§ **MATERIAL TO PROCESS**
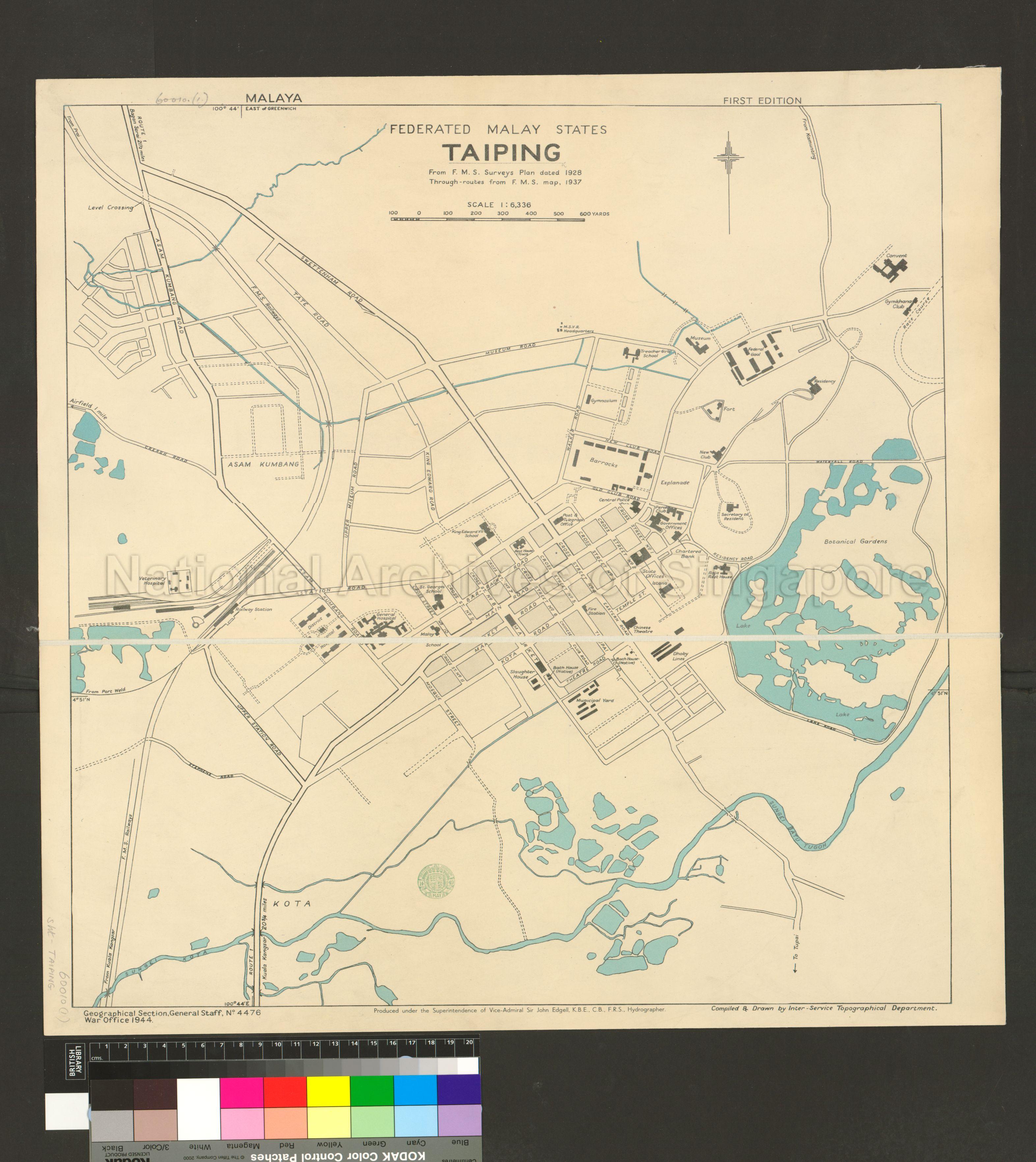 Map showing road system, buildings, Asam Kumbang Road, Swettenham Road, F.M.S. Railways, Veterinary Hospital, Sungei Kota, Upper Station Road, Sungei Batu Tugoh, Botanical Gardens, Lakes, Secretary to Resident, Istana, Raja Rest House, Convent, Museum, Barracks, King Edward VII School, Perak Club, General Hospital, St Georges School, Main Road, Temple Street and others
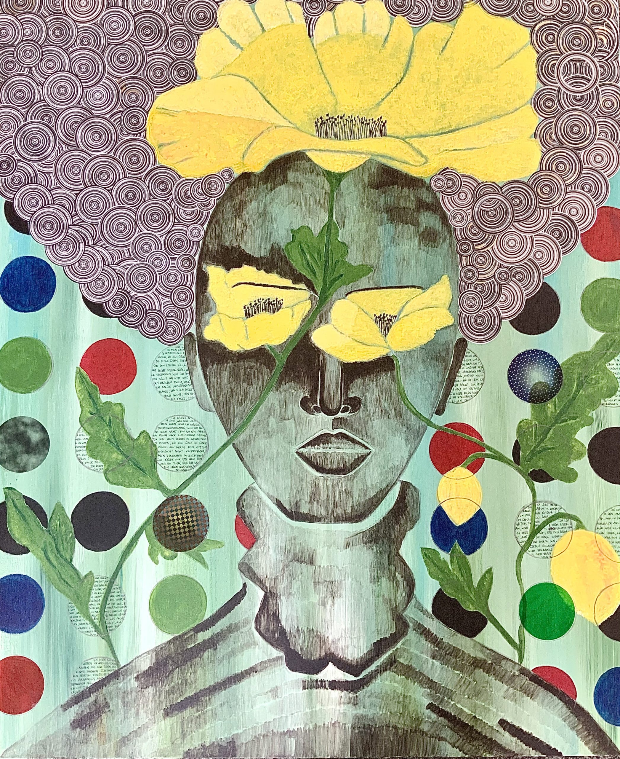 L’expression artistique de Myriam Kone est une ode à la femme, à la mère nourricière et à celle qu’elle est devenue: il est même possible de la reconnaître sur ses toiles à moins que ce ne soit son double, son autre moi.
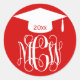 Pegatina Redonda Graduación de monograma de escritura roja Wt Vine
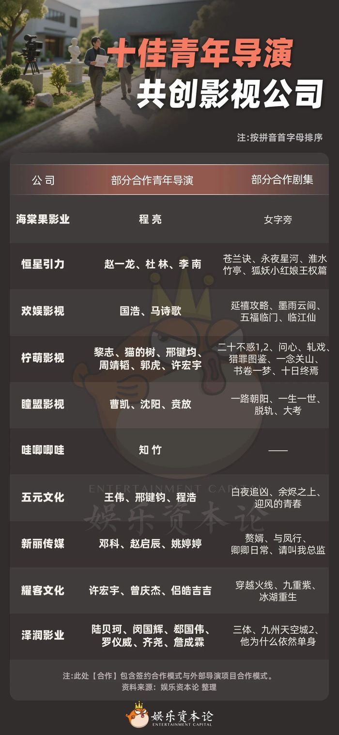 此次娱乐资本论特别梳理出十家正在与青年导演深度合作的影视公司,并且与其中部分头部影视公司、青年导演进行了对话。
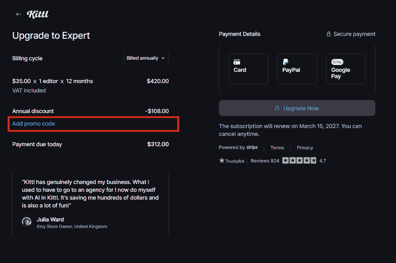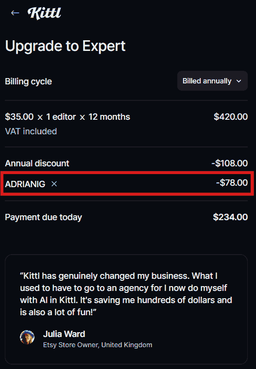 You can see in the image below where to apply the Kittl discount code. Enter the coupon code in this box and click apply to get an instant discount.
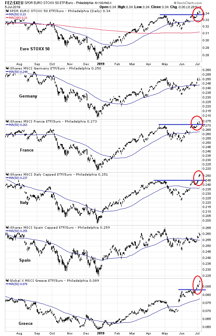 From a technical perspective, the Euro STOXX 50 has staged an upside breakout to fresh highs, and a number of other countries are also undergoing upside breakouts. Most notably, troubled peripheral country indices such as Italy and Greece (yes, that Greece) are leading the way upwards.
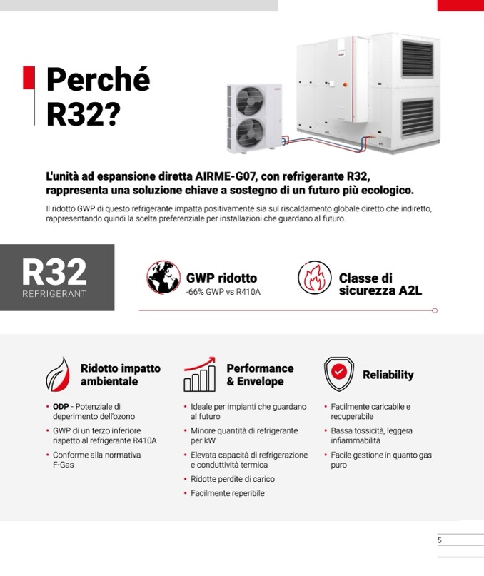 L'unità ad espansione diretta AIRME-G07, con refrigerante R32,
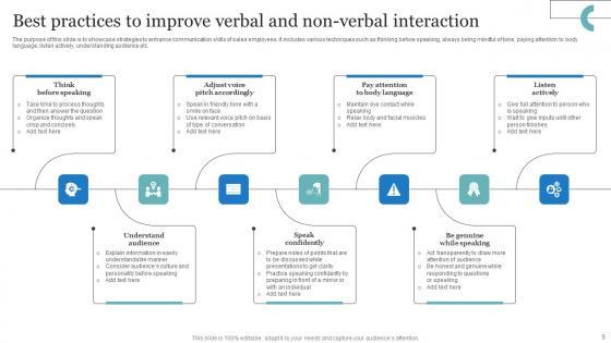 The purpose of this slide is to showcase strategies to enhance communication skills of sales employees. It includes various techniques such as thinking before speaking, always being mindful of tone, paying attention to body language, listen actively, understanding audience etc. Showcasing this set of slides titled Best Practices To Improve Verbal And Non Verbal Interaction Topics Pdf. The topics addressed in these templates are Understand Audience, Speak Confidently, Verbal And Non Verbal Interaction. All the content presented in this PPT design is completely editable. Download it and make adjustments in color, background, font etc. as per your unique business setting. The purpose of this slide is to showcase strategies to enhance communication skills of sales employees. It includes various techniques such as thinking before speaking, always being mindful of tone, paying attention to body language, listen actively, understanding audience etc.
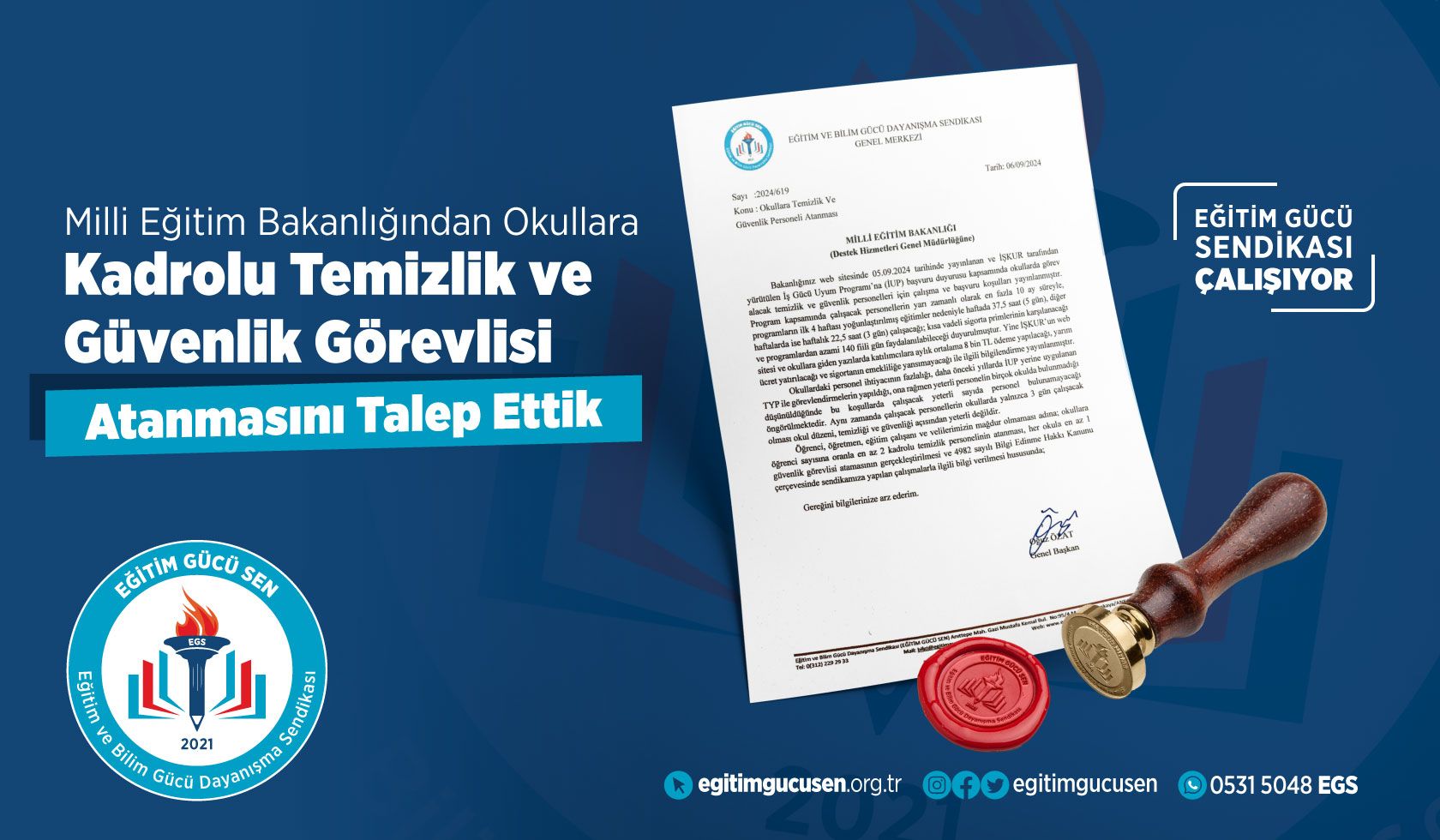 Öğrenci, öğretmen, eğitim çalışanı ve velilerimizin mağdur olmaması adına; okullara öğrenci sayısına oranla en az 2 kadrolu temizlik personelinin atanması, her okula en az 1 güvenlik görevlisi atamasının gerçekleştirilmesini Milli Eğitim Bakanlığından talep ettik.
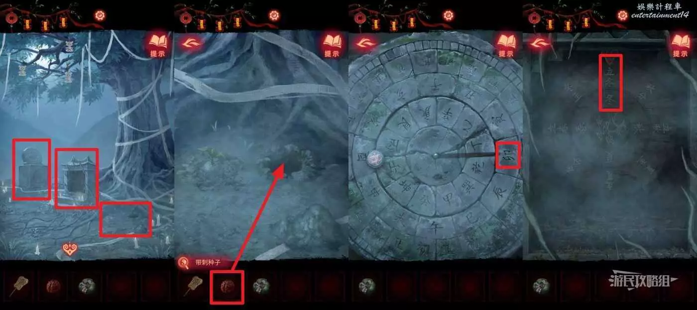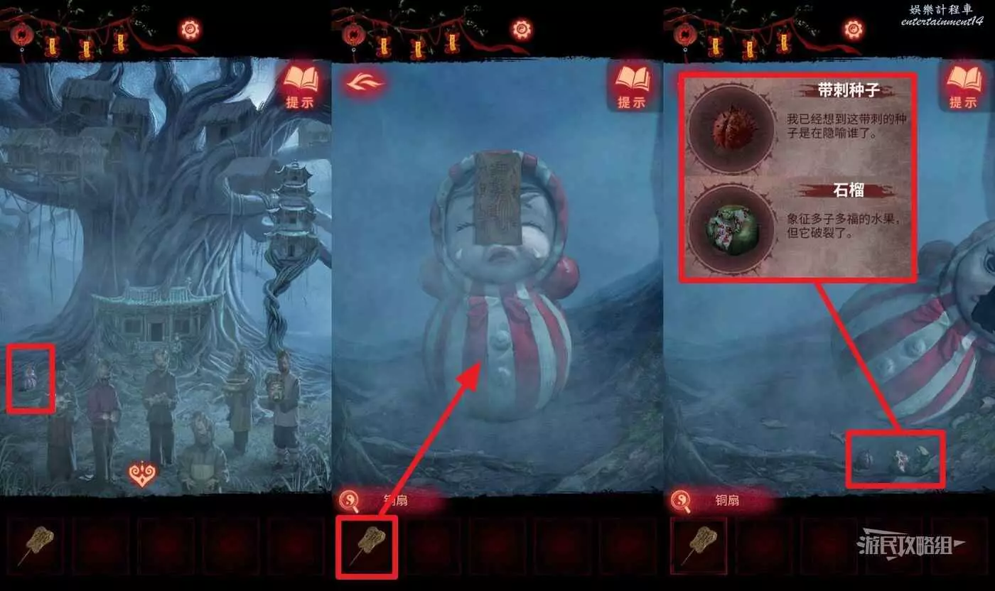 【聶莫黎視角】切換到聶莫黎視角,來到樹根區域,在樹根左側樹下之前被埋在土裡的不倒翁現在已經起來了,在道具欄選擇【銅扇】點擊不倒翁,觸發小遊戲,先看不倒翁上貼的符咒的晃動方向,然後點擊對應的方向按鍵晃動不倒翁,嫌麻煩可以跳過。完成小遊戲後獲得【帶刺種子】。

§ **PROMPT**
Restate the data word for word from its first line through the line with "此次娱乐资本论特别梳理出十家", leaving out any picture along the way.

§ **SOLUTION FOR THIS EXERCISE**
 Map showing road system, buildings, Asam Kumbang Road, Swettenham Road, F.M.S. Railways, Veterinary Hospital, Sungei Kota, Upper Station Road, Sungei Batu Tugoh, Botanical Gardens, Lakes, Secretary to Resident, Istana, Raja Rest House, Convent, Museum, Barracks, King Edward VII School, Perak Club, General Hospital, St Georges School, Main Road, Temple Street and others
 L’expression artistique de Myriam Kone est une ode à la femme, à la mère nourricière et à celle qu’elle est devenue: il est même possible de la reconnaître sur ses toiles à moins que ce ne soit son double, son autre moi.
 Pegatina Redonda Graduación de monograma de escritura roja Wt Vine
 此次娱乐资本论特别梳理出十家正在与青年导演深度合作的影视公司,并且与其中部分头部影视公司、青年导演进行了对话。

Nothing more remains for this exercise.